Twee maanden geleden verbleef ik in Berkeley Buddhist Monastery. Dat is een klein dochterklooster van de kloostergemeenschap waar ik nu verblijf. De monniken eten één maal per dag om 11 uur, en die ene maaltijd wordt verzorgd door toegewijde lekenfamilies. Rond 10:30 gaat de bel en staat er iemand, meestal een vrouw voorbij middelbare leeftijd, voor de deur met een doos vol pannen. Op één bewuste ochtend echter, kwamen twee dames het eten ter plekke klaarmaken. Ze waren wat aan de late kant, dus de 5 monniken, een andere leek die er ook verbleef en ikzelf zaten rustig aan tafel te wachten; het gebed voor de maaltijd hadden we al gezongen.

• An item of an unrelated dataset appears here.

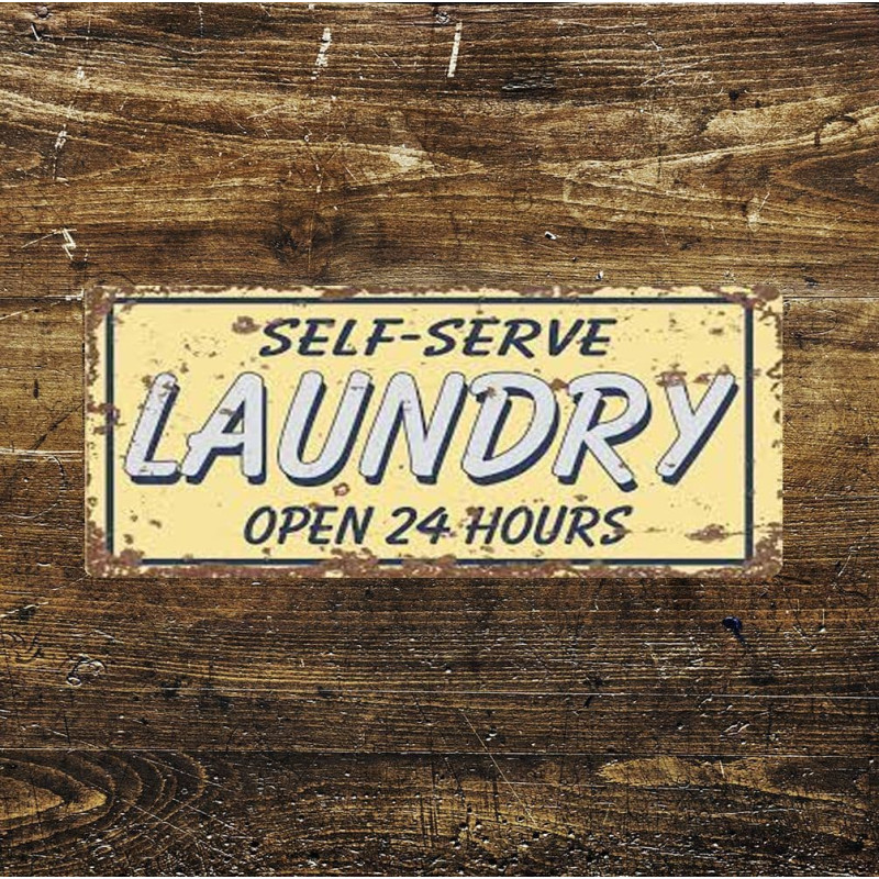 Self Serve Laundry Open 24 Hours - Metal Wall Sign

Dat wij daar zo zaten maakte de dames wel wat zenuwachtig. Al snel kwamen goedgevulde kommen noodlesoep onze kant op. Eén voor één werden we bediend. Dat ging volgens kloosteretiquette op senioriteit: eerst de oudste monnik, daarna de op-een-na oudste monnik, enzoverder, en daarna wij, de leken. Jegens de monniken waren de dames uiteraard heel respectvol. Toen ze bij mij, een jongeling zonder speciale status behalve dat ik in het klooster verblijf, kwamen, waren ze echter ook respectvol, ze bogen hun hoofd lichtjes en reikten ze me de soep aan.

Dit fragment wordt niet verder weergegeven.